Depends on what you're looking for. Who knows while you're here you might be able to scope out a full time gig that you can take on after your 6 month gig finishes. Maybe you'll hit a good company that's paying some good cash, give you a chance to wipe off that student loan and bank some cash! Actually, now that I think of it, the opportunity could be fantastic - you just don't know what big things come your way once here.

I'm assuming you're young with time on your side. Don't expect to save any money on your 6 month job opportunity, but don't look back in years to come regretting you didn't do it. And hey - if it doesn't work out then so what? You go back to the UK and start working there. You lost nothing.

I'm no Tax Consultant - but if I'm not wrong, the UK would not charge you any tax on income earned abroad. And even if they did, on the figures you've mentioned it'll be nothing, probably negligible. Again, someone else on here might be able to advise you on the tax implication a little better.


----------



## Mr Rossi (May 16, 2009)

Just accomodation or accomodation, bills, internet etc?

Any car supplied, the cheapest to hire here is around 1500 AED per month?

Like to go out? Drinks start at 30 AED in fairly grubby pubs, about 40-45 AED on average in bars, wine starts at 200 AED. Though there are ways of socialising cheaper eg ladies night and brunches.

In summary it's more than do-able but it's not great. You need to weigh up the actual opportunity and if these 6 months will benefit your career, then do so and cut back a bit - the beach is always free.


----------



## cheesypop (Sep 14, 2010)

Wow. Thanks for your quick responses.

You've given me a few questions I will have to ask my company about.

In reply to some of your questions:

As far as I'm aware a mission visa is one where I'm still employed by my UK company, so I will still be paid from the UK payrole etc. They last from 3 months and then you can renew them again for another 3 months once you have been out of the country for 10 days (please don't quote me on that, I don't have all the details yet!)


No idea about exactly what is included in the package - will find out.

I'm not that young - just on the right side of 30 (and yes still paying off my student loan!)

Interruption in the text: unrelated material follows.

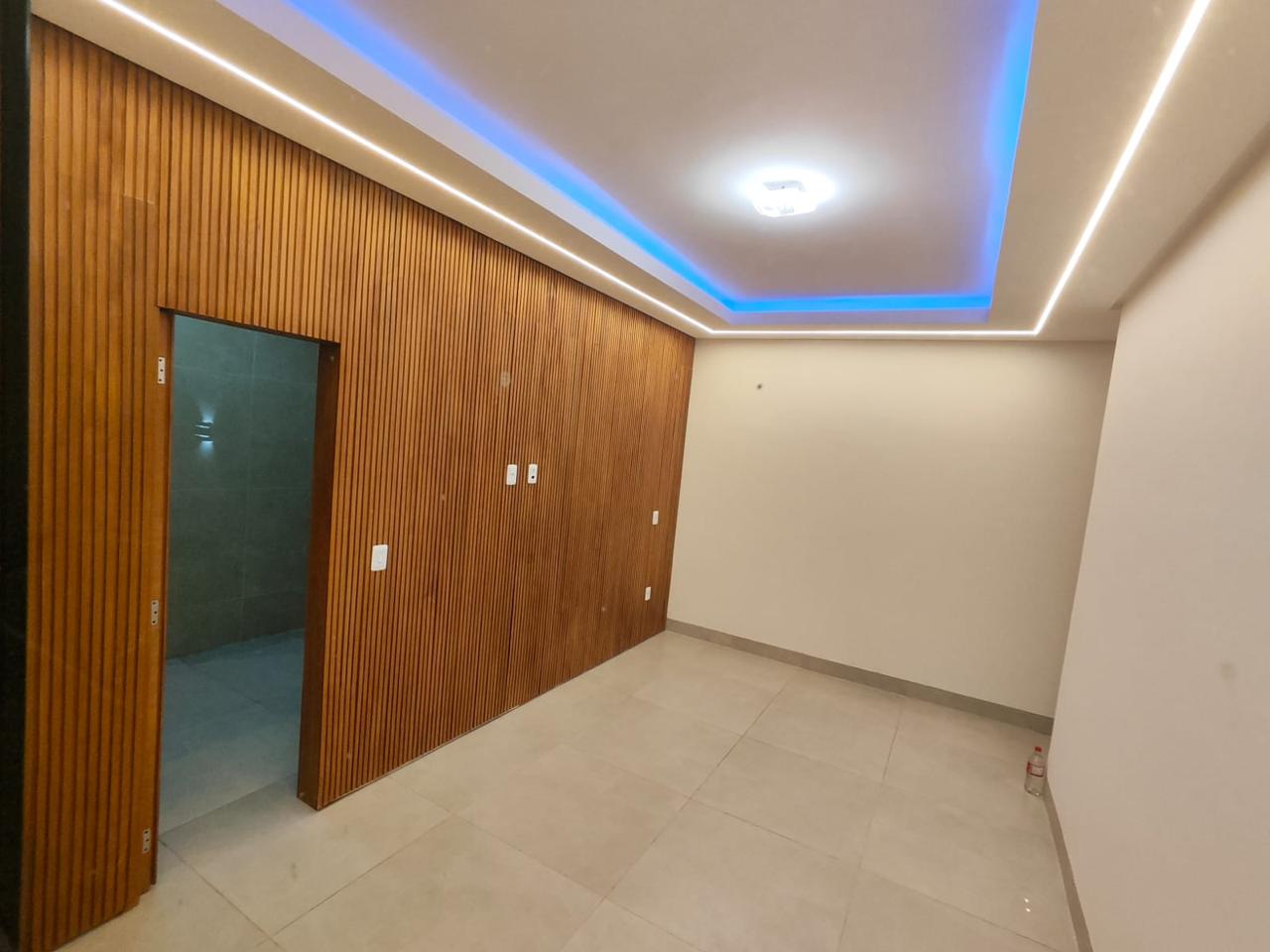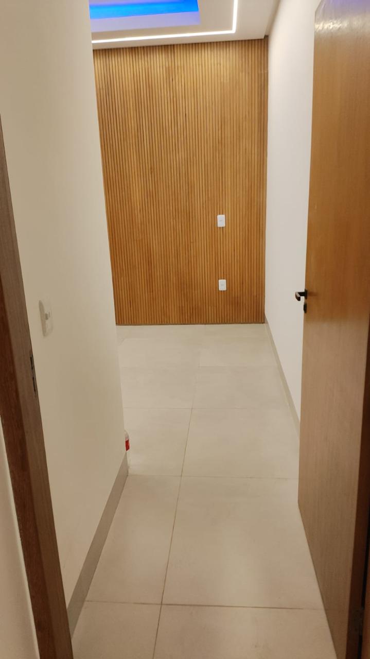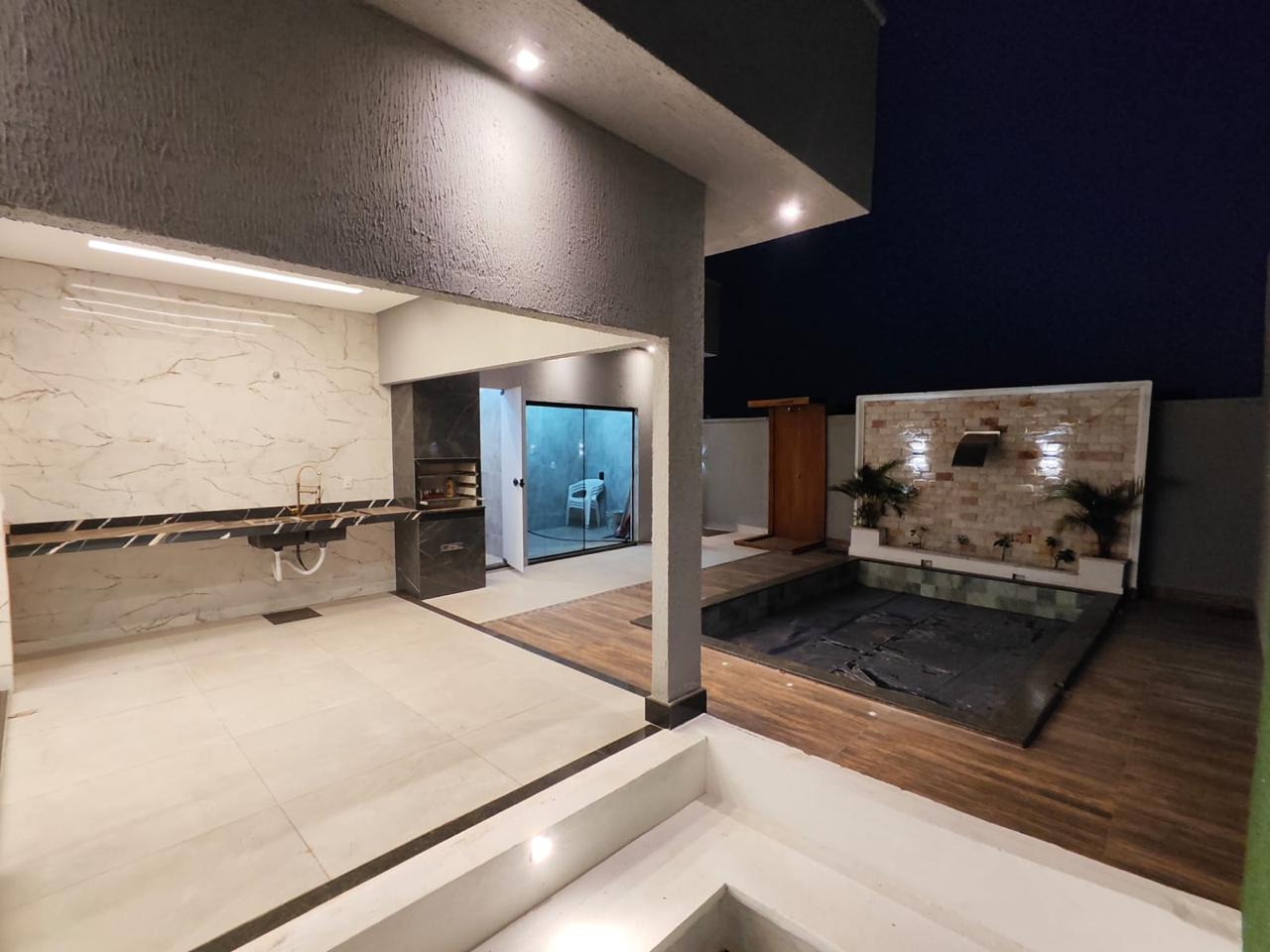 À venda casa térrea de alto padrão, 3 quartos, sendo 1 suíte master, com aprox. 210 m² de área construída, em lote de 360 m², no Buriti Sereno – Aparecida de Goiânia. Imóvel isolado no lote, com ambientes amplos, modernos e integrados, incluindo sala de TV, jantar, cozinha e área gourmet, além de escritório, lavabo e área de serviço. Suíte master com cuba dupla e dois chuveiros de teto com aquecimento solar, pé-direito duplo e iluminação em LED. Área de lazer completa com piscina com cascata, hidromassagem, aquecimento solar e iluminação em LED, lounge externo com lareira e paisagismo. Conta ainda com garagem para 4 veículos, sendo 2 cobertos, acabamento em porcelanato, rodapé embutido e fachada moderna com pedra ferro e porta pivotante em madeira. Imóvel que une design, conforto e exclusividade.
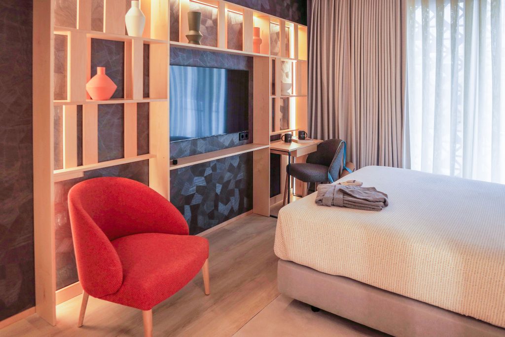 The hotel boasts 109 rooms designed with a sleek, contemporary aesthetic that combines style with functionality, ensuring guests enjoy a premium stay. Each room is equipped with state-of-the-art technology and sustainable features, complemented by a complimentary minibar stocked with a selection of snacks and beverages. Depending on the room category, guests can also enjoy additional amenities like a yoga mat or a premium coffee machine.

I don't expect to save any money, but would like to go to a few water parks, and other tourist spots and socialise (I am female, does that really make going out cheaper?!)

Yes, it would be very good for my career, but I wouldn't be looking at staying in Dubai after the 6 months, I would go back to the UK office.

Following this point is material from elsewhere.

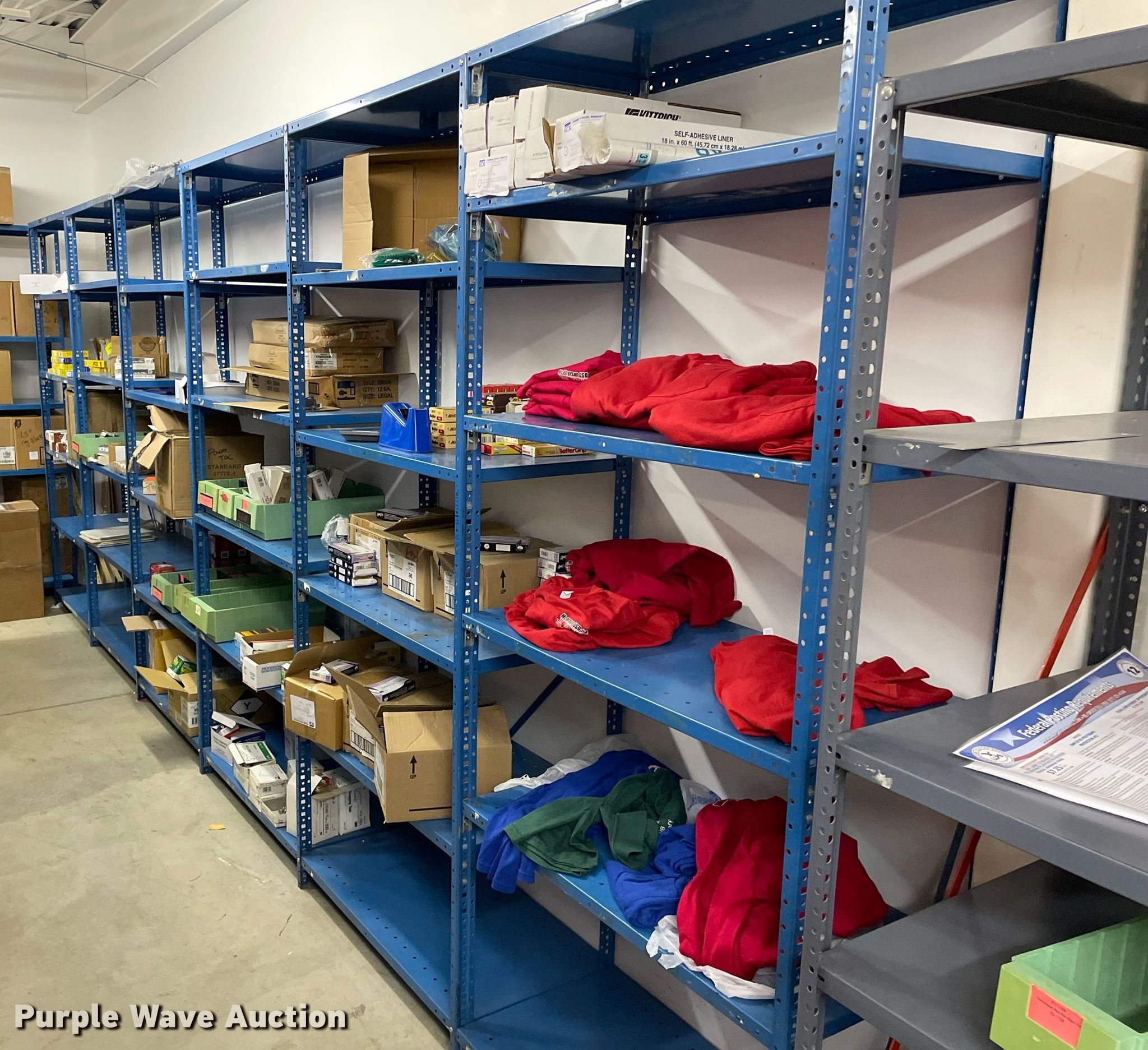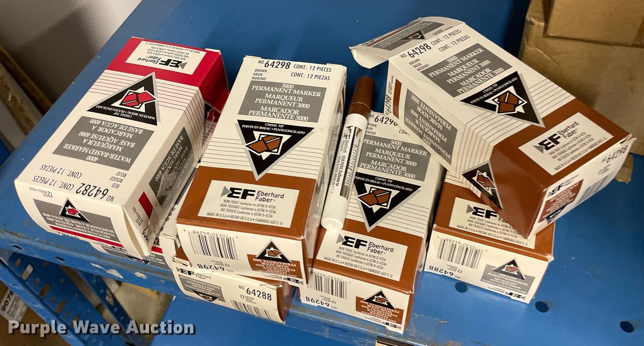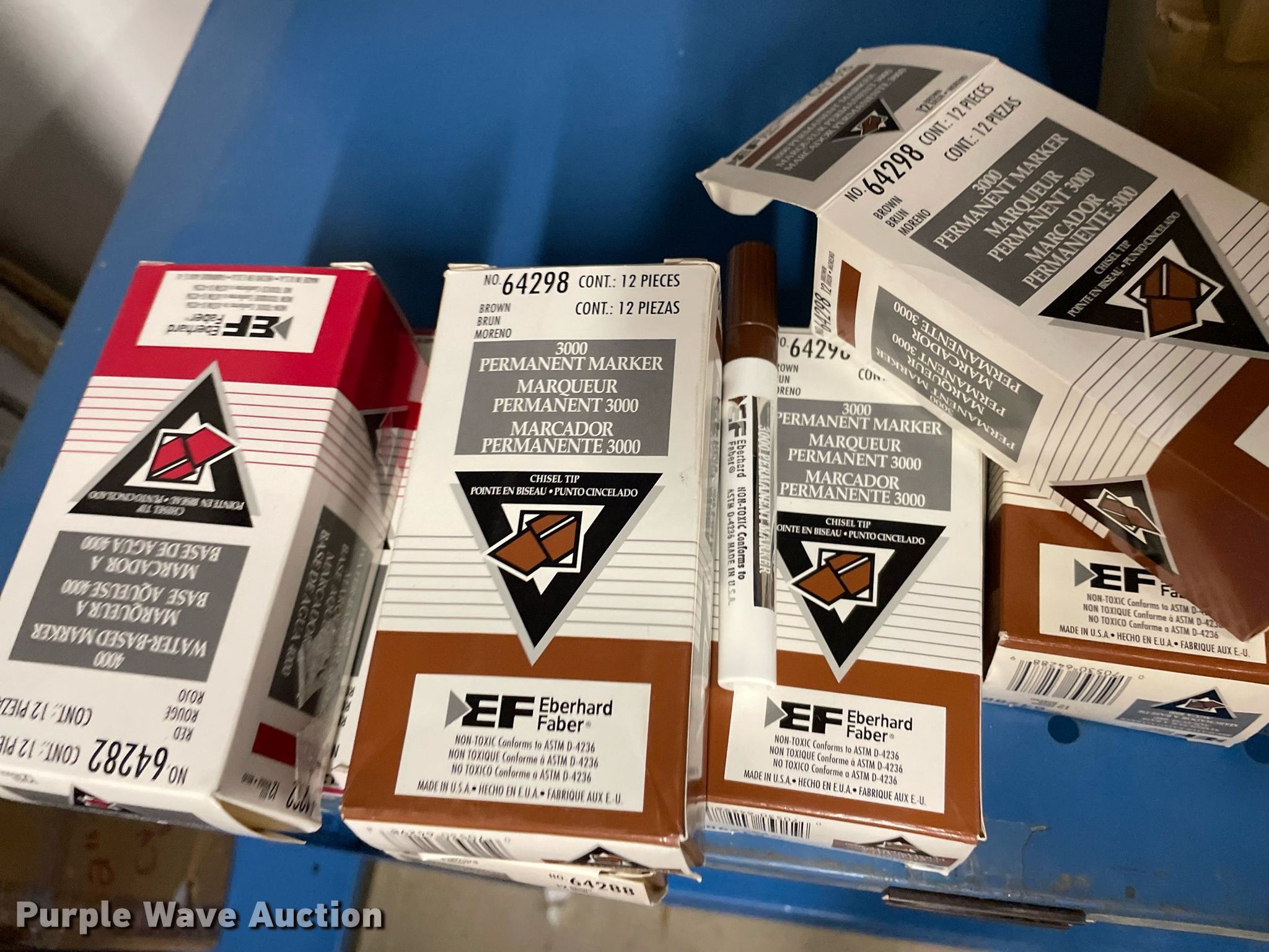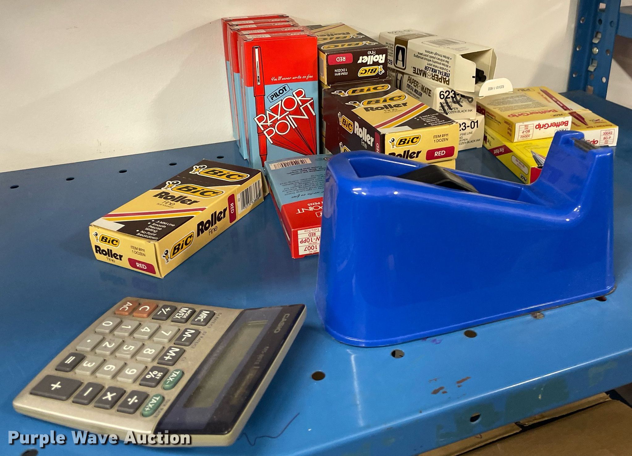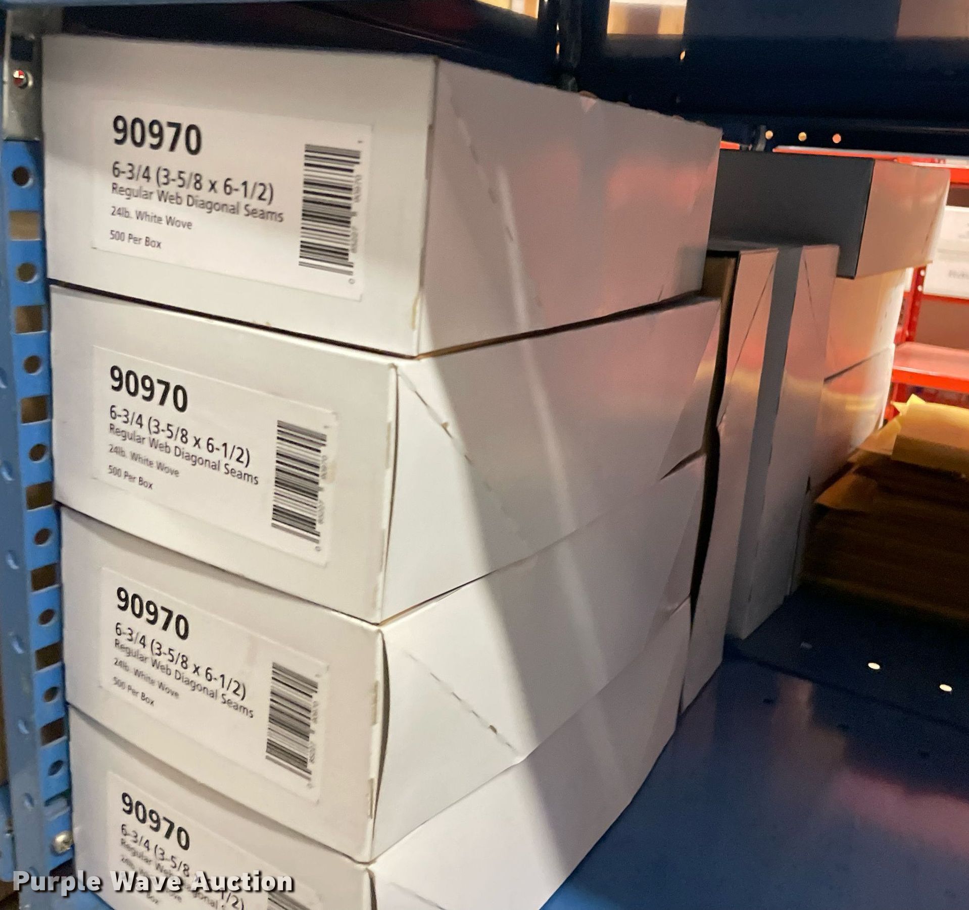 Purple Wave is selling a used Office Supplies and Equip. in Kansas. This item is a Office supplies with the following: Gloves, Cotton balls, Infectious waste bags, Plastic cutlery, Hot/Cold packs, Foam cups, Bleach, Soap, Paint, Floor brushes, Binders and more

Thanks again for your advice


----------



## BritishGuy (Jul 24, 2010)

Just do it for the experience - if you're still employed with your UK firm you have nothing to lose really. You won't save anything - but if you're comping here being fully aware of that then go for it. For 6 months only i wouldn't recommend a car. On the type of visa you're describing I doubt you'll be able to buy a car here anyway (I may be wrong). Stick to the Metro and the odd cab to get around.


----------



## Lenochka (Apr 19, 2008)

if you keep being employed by the UK company, you may need to pay tax on that income ? Not sure though as I am not familiar with the UK Tax laws but would most certainly check beforehand...

otherwise your already fairly low wage may be become very very low...


----------



## cheesypop (Sep 14, 2010)

Thanks. The figures I have quoted are after tax.


----------



## Elphaba (Jan 24, 2008)

cheesypop said:


> Hi guys,
> 
> I've just been given an amazing opportunity to move out to Dubai for 6 months, problem is I'm worried I'm not going to earn enough to be able to make the most of being there and would like your opinions.
> 
> ...



If you are going to be out fo the UK for just six months then you will be subject to UK income tax on your overseas earnings, so you need to factor in that deduction.

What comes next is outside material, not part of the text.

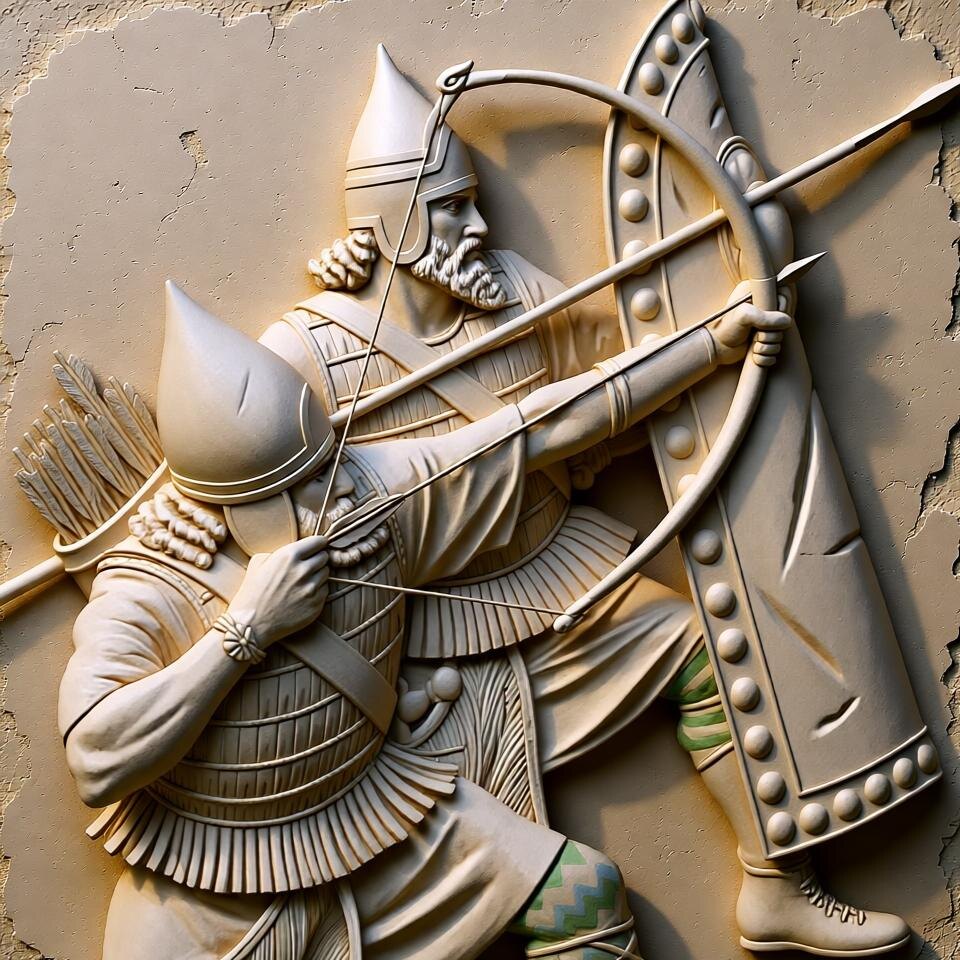 Эти ребята воевали по делу, без сантиментов. Пленных вешали, города сравнивали с землёй, трофеи писали клинописью. Но зато армию создали образцовую — регулярную, дисциплинированную и страшно эффективную. Ассирийская армия — это уже не толпа племён с копьями, а чётко выстроенная система.

If you accommodation is paid for, in ordinary circumstances a single person could manage on the figures you mention (assuming that's a monthly figure), but as you will have deductions, I would say that it is too little.
-


----------



## cheesypop (Sep 14, 2010)

OK. I've spoken to my company...

My accommodation will be in serviced apartments 10 mins walk from the office and will include all utilities and internet and satelite TV.

I will also get an additional allowance which means after paying UK tax I will have about 8400AED or 7000 per month.

I think I'm going to go for it!


----------